In late July 1954, New York obstetrician-gynecologist Emanuel Greenberg wrote to the U.S. Patent Office with a sketch of a fetus. His filing contained schematics for a new device, annotated to denote its constituents: a few pumps, a heater, an artificial kidney. The elements of Greenberg’s system all interfaced with a box. Within that box was his rendering of the fetus laying on its back, looking up toward the title for Greenberg’s grand idea: ARTIFICIAL UTERUS.

As an ob-gyn, Greenberg was concerned with the health of babies born too far preterm. “Only a small percentage of babies live if their weight at birth is less than two pounds,” he wrote in his patent filing, which was granted the following year. By then, technological advances in oxygenating blood and filtering waste suggested to Greenberg that those premature infants were not a lost cause. 

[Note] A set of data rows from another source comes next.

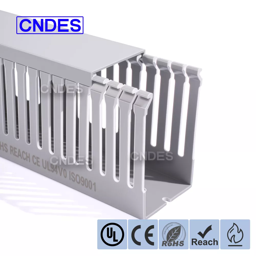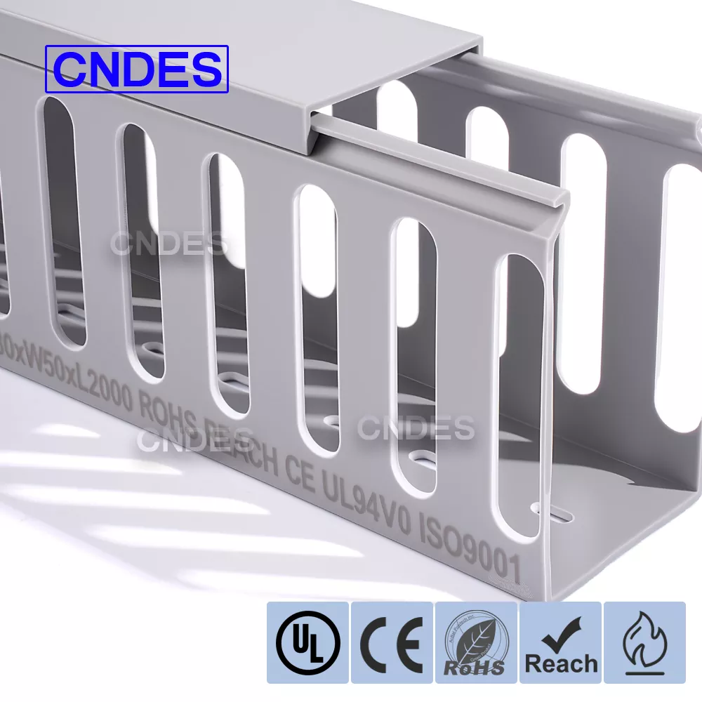 Η CNDES είναι επαγγελματίας κατασκευαστής δίσκων καλωδίων με σχισμές PVC που βρίσκεται στην Κίνα. Εδώ, θα παρουσιάσουμε τον οργανωτή καλωδίων πάνελ PVC με αυλακώσεις 80×50, όπου το 80*50 mm αντιπροσωπεύει έναν δίσκο καλωδίων με ύψος 80 mm και πλάτος 50 mm.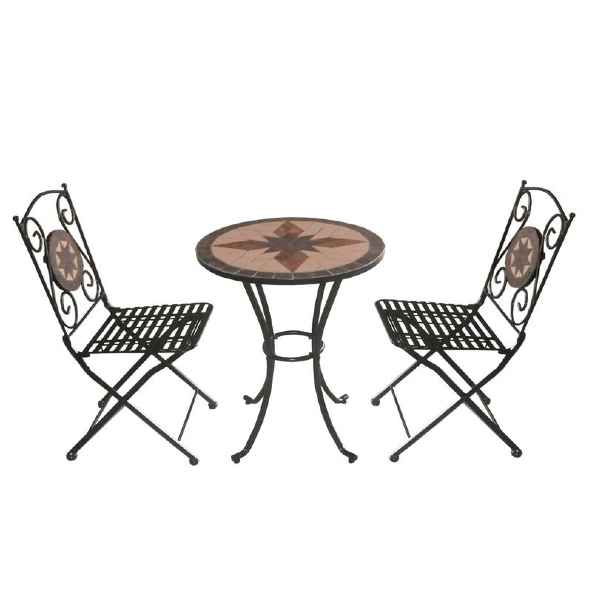 Set Tavolo con Mosaico e Sedie pieghevoli in Ferro di alta qualità . Adatte a spazi esterni o giardino.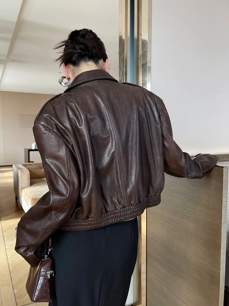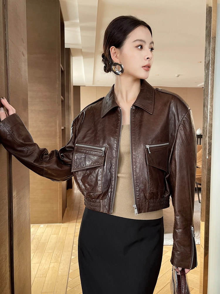 The Urban Luxe Pure Leather Cargo Jacket is crafted from 100% genuine leather, designed for women who want to embrace confidence, sophistication, and modern edge in every outfit. With its rich brown tone and sleek finish, this jacket is a timeless fashion piece that effortlessly blends luxury with everyday wear.

While progress in the decades since has been slow, recent developments suggest that “artificial wombs” could one day support fetuses before viability. Technology capable of duplicating gestation without a human uterus has long captured our collective imagination. Though it’s still far off, it’s not out of reach. Human embryos have grown inside a lab dish for two weeks, and neonatal care has improved for preterm births between 21 and 24 weeks.

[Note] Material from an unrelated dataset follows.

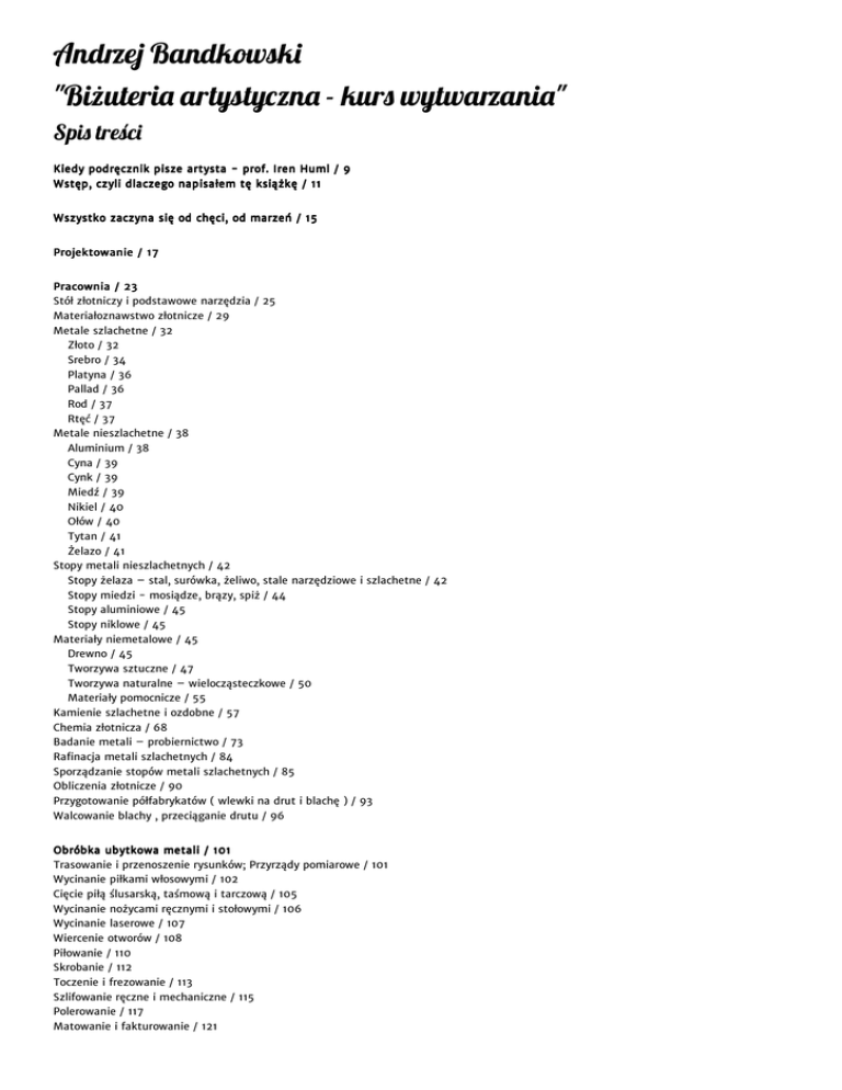 Andrzej Bandkowski "Biżuteria artystyczna - kurs wytwarzania" Spis treści Kiedy podręcznik pisze artysta - prof. Iren Huml / 9 Wstęp, czyli dlaczego napisałem tę książkę / 11 Wszystko zaczyna się od chęci, od marzeń / 15 Projektowanie / 17 Pracownia / 23 Stół złotniczy i podstawowe narzędzia / 25 Materiałoznawstwo złotnicze / 29 Metale szlachetne / 32 Złoto / 32 Srebro / 34 Platyna / 36 Pallad / 36 Rod / 37 Rtęć / 37 Metale nieszlachetne / 38 Aluminium / 38 Cyna / 39 Cynk / 39 Miedź / 39 Nikiel / 40 Ołów / 40 Tytan / 41 Żelazo / 41 Stopy metali nieszlachetnych / 42 Stopy żelaza – stal, surówka, żeliwo, stale narzędziowe i szlachetne / 42 Stopy miedzi - mosiądze, brązy, spiż / 44 Stopy aluminiowe / 45 Stopy niklowe / 45 Materiały niemetalowe / 45 Drewno / 45 Tworzywa sztuczne / 47 Tworzywa naturalne – wielocząsteczkowe / 50 Materiały pomocnicze / 55 Kamienie szlachetne i ozdobne / 57 Chemia złotnicza / 68 Badanie metali – probiernictwo / 73 Rafinacja metali szlachetnych / 84 Sporządzanie stopów metali szlachetnych / 85 Obliczenia złotnicze / 90 Przygotowanie półfabrykatów ( wlewki na drut i blachę ) / 93 Walcowanie blachy , przeciąganie drutu / 96 Obróbka ubytkowa metali / 101 Trasowanie i przenoszenie rysunków; Przyrządy pomiarowe / 101 Wycinanie piłkami włosowymi / 102 Cięcie piłą ślusarską, taśmową i tarczową / 105 Wycinanie nożycami ręcznymi i stołowymi / 106 Wycinanie laserowe / 107 Wiercenie otworów / 108 Piłowanie / 110 Skrobanie / 112 Toczenie i frezowanie / 113 Szlifowanie ręczne i mechaniczne / 115 Polerowanie / 117 Matowanie i fakturowanie / 121 Obróbka plastyczna metalu / 129 Kucie / 129 Klepanie / 130 Wyoblanie / 134 Repusowanie i cyzelowanie / 137 Tłoczenie / 145 Wygniatanie / 150 Metody łączenia elementów wyrobu złotniczego / 153 Spawanie / 153 Lutowanie / 155 Lutowanie miękkie / 155 Lutowanie twarde / 155 Lutowanie srebra / 164 Lutowanie złota / 164 Lutowanie platyny i palladu / 165 Lutowanie stali nierdzewnej / 165 Zgrzewanie / 165 Nitowanie / 167 Połączenia gwintowe / 172 Połączenia blacharskie / 177 Klejenie / 177 Wykonywanie podstawowych elementów biżuterii / 179 Rurka – szarnir / 179 Kula , soczewka / 185 Ramka – carga; Ramka z rurki / 191 Puszka / 193 Zawiasy / 196 Zapięcia – konstrukcja i wykonanie / 198 Obrączka płaska, szyna, szeroka wypukła i wklęsła / 204 Produkcja obrączek / 211 Ćwiczenia wycinania inicjału lub ornamentu – możliwości / 214 Pierścionek z kamieniem (kaboszon) - konstrukcja klasyczna / 216 Techniki złotnicze / 219 Grawerowanie / 219 Giloszowanie / 226 Wytrawianie / 228 Aplikacje / 230 Filigran / 233 Inkrustacja i nabijanie / 238 Emalia / 240 Emalia ogniowa / 240 Emalie na bazie żywic epoksydowych / 253 Emalie światło utwardzalne / 254 Niello / 255 Mokume-gane / 258 Kaum-boo / 263 Złocenie ogniowe / 266 Kameryzacja – ozdabianie kamieniami szlachetnymi i ozdobnymi / 269 Szlify kamieni / 269 Oprawa kaboszonu / 276 Oprawa kamieni o szlifie brylantowym / 278 Oprawa rurkowa / 278 Kastownik - oprawy stożkowe i ostrosłupowe / 281 Konstruowanie koronki / 283 Abdek / 285 Chaton – konstrukcja koszyczków / 287 Oprawa gładka – lusterko / 290 Oprawa w korn / 294 Fałszywy korn / 296 Oprawa pereł i kamieni kulek / 297 Odlewnictwo artystyczne / 299 Podział odlewnictwa / 299 Odlewanie w formach piaskowych / 300 Odlewanie na tracony wosk / 303 Odlewanie dużych rzeźb i przedmiotów użytkowych / 304 Modele do powielania / 305 Formy gumowe i silikonowe / 309 Woski i woskowniki / 312 Tworzenie choinki / 314 Sporządzanie formy / 317 Wyżarzanie formy / 318 Przygotowanie stopu i topienie / 320 Odlewanie, urządzenia odlewnicze / 321 Wykańczanie odlewów / 324 Odlewanie z kamieniami / 325 Obróbka końcowa / 327 Bejcowanie / 327 Odzłacanie i polerowanie elektrolityczne / 328 Powłoki galwaniczne / 329 Galwanoplastyka / 331 Oksydowanie i barwienie metali / 332 Barwienie srebra i metali kolorowych / 335 Anodowanie aluminium / 337 Barwienie tytanu / 340 Konserwacja i naprawy / 341 Badanie metalu i oczyszczanie z lutów miękkich / 341 Usuwanie wgnieceń / 343 Dorabianie ubytków i lutowanie / 344 Wykańczanie (starzenie, fakturowanie, polerowanie) / 346 Przykłady / 347 Dokładny opis kolejnych procesów technologicznych wykonywanych przy realizacji kilku wybranych przedmiotów zrealizowanych w różnych okresach mojej twórczości Przykłady realizacji większych przedmiotów / 429 Literatura / 445 Andrzej Bandkowski – publikacje, wycinki prasowe, zdjęcia / 446 Andrzej Bandkowski – nota biograficzna / 449 Indeks / 453

In 2017, researchers at the Children’s Hospital of Philadelphia reported results on a system tested on preterm lambs. The group’s Biobag design — also called an “extracorporeal system for physiologic fetal support” — was able to keep lambs alive for up to four weeks of gestation. (The team makes clear in their paper that their goal is not to extend the limits of viability, which helps paint the device as “ethically unremarkable,” according to The Guardian.) A 2019 paper described doing something similar with sheep fetuses, which were delivered surgically at 95 days of gestation (the human equivalent of 24 weeks of gestation) and were kept alive outside of a uterus for 5 days.

The immediate goal of this research is to support fetal development for preterm human babies who transition to breathing air too early for their bodies to handle. It may offer hope to the families of the approximately one in ten babies born prematurely in the United States each year, and disproportionately help African American infants, since over 14% of these babies are born before they are ready.

It’s disorienting to process how close this technology is when you consider that it has long been a staple of dystopian science fiction. Picture, for example, the peachy amniotic cells in The Matrix, stacked into towers like a Japanese Metabolism-style apartment block. In this scenario, human biochemistry is harvested to run the motors of Earth’s future robot overlords while human minds are suspended in a simulation of the late 20th century. Or recall the artificial gestation units of the Borg, called maturation chambers, that were dramatized in several episodes of Star Trek. Children are suspended in these pods until they reach a level of development appropriate to begin working effectively as members of the Borg collective. Or perhaps, some fear, artificial gestation will allow for the enforcement of biological castes, as in Aldous Huxley’s 1932 novel, Brave New World.

In these dark futures, artificial wombs are organs of reproduction that enable the social control of human beings. Huxley’s vision of scientifically controlled gestation opens up fetuses to manipulation that backstops social hierarchies. In The Matrix and Star Trek universes, artificial wombs pave the way for machines or machine-human hybrids to treat humans as a kind of raw material. They benefit from the warmth, chemistry, and structure of human bodies while co-opting them for their own ends. In both cases, the technology to gestate humans outside of human bodies is imagined to be a tool of oppression and control.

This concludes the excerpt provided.